**Exercise data:**
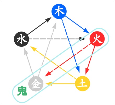 「火」→「金(鬼)」という関係があり、鬼は火を恐れるのです。
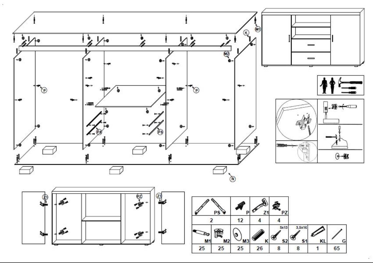 Zahvaljujući svojoj širini od 164 cm, komoda nudi mnogo korisne površine na vrhu, gdje možete izložiti dekorativne predmete, fotografije ili lampe. Dubina od 45 cm i visina od 80 cm omogućuju udoban pristup unutrašnjosti ormarića. Komoda je dizajnirana s više prostranih odjeljaka koji nude dovoljno prostora za pohranu rublja, dokumenata, posuđa ili drugih svakodnevnih predmeta. Plastične ručke su diskretne, ali praktične, jer omogućuju lako otvaranje vrata i ladica, a svojim nenametljivim dizajnom savršeno se stapaju s bijelim sjajem fronti.
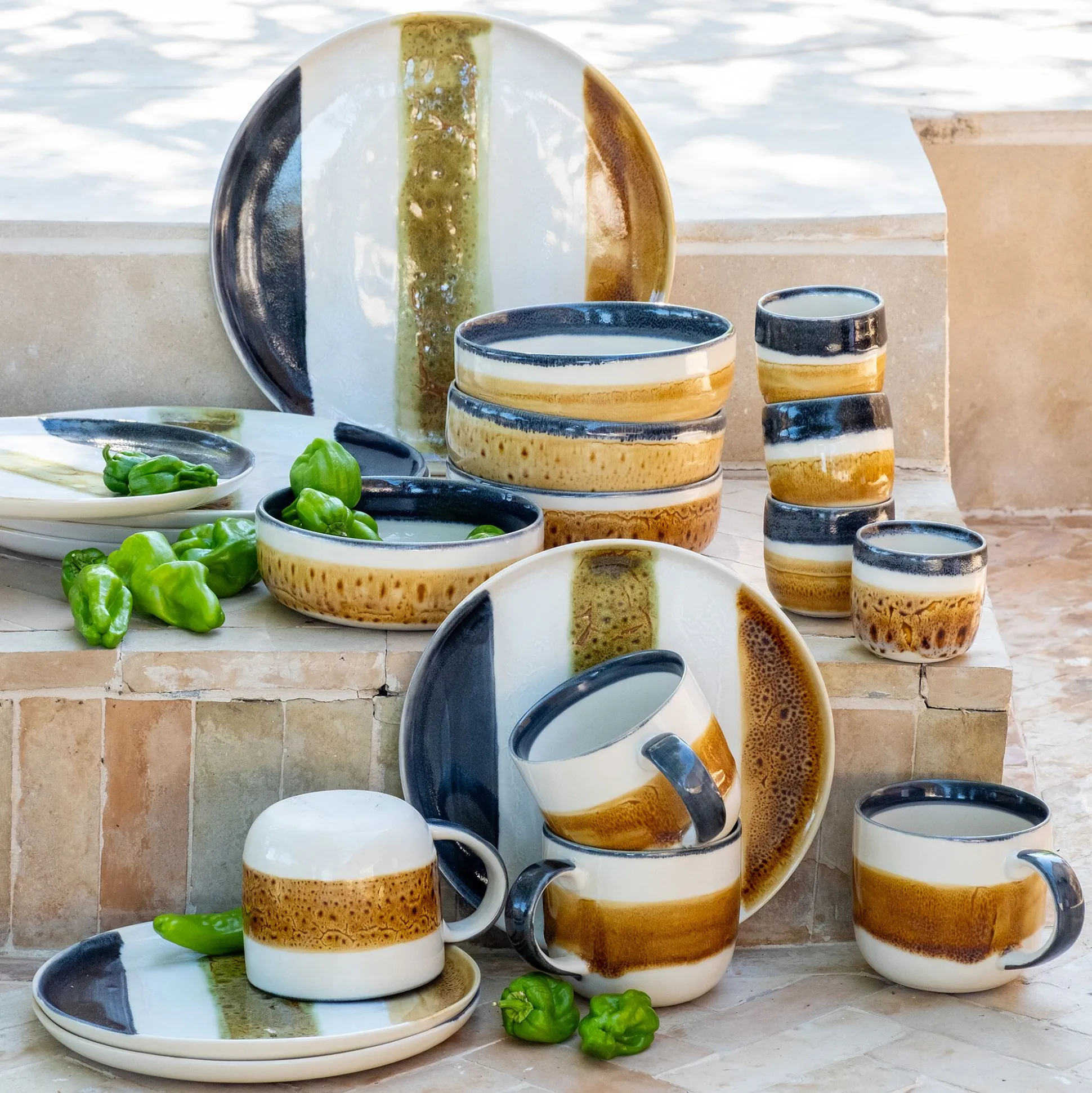 Cette tasse à espresso de 12 cl adopte une silhouette épurée en forme de gobelet, sans anse, pour une prise en main directe et contemporaine. En grès, elle séduit par sa texture naturelle et sa solidité. Son charme réside dans son motif peint à la main : des aplats de couleurs aux nuances riches et subtiles qui révèlent un charme authentique. Une pièce unique et expressive, idéale pour savourer un espresso avec style.

**What to do:**
Would you reproduce the listing above in full and exactly, without its pictures?

**Task response:**
 「火」→「金(鬼)」という関係があり、鬼は火を恐れるのです。
 Zahvaljujući svojoj širini od 164 cm, komoda nudi mnogo korisne površine na vrhu, gdje možete izložiti dekorativne predmete, fotografije ili lampe. Dubina od 45 cm i visina od 80 cm omogućuju udoban pristup unutrašnjosti ormarića. Komoda je dizajnirana s više prostranih odjeljaka koji nude dovoljno prostora za pohranu rublja, dokumenata, posuđa ili drugih svakodnevnih predmeta. Plastične ručke su diskretne, ali praktične, jer omogućuju lako otvaranje vrata i ladica, a svojim nenametljivim dizajnom savršeno se stapaju s bijelim sjajem fronti.
 Cette tasse à espresso de 12 cl adopte une silhouette épurée en forme de gobelet, sans anse, pour une prise en main directe et contemporaine. En grès, elle séduit par sa texture naturelle et sa solidité. Son charme réside dans son motif peint à la main : des aplats de couleurs aux nuances riches et subtiles qui révèlent un charme authentique. Une pièce unique et expressive, idéale pour savourer un espresso avec style.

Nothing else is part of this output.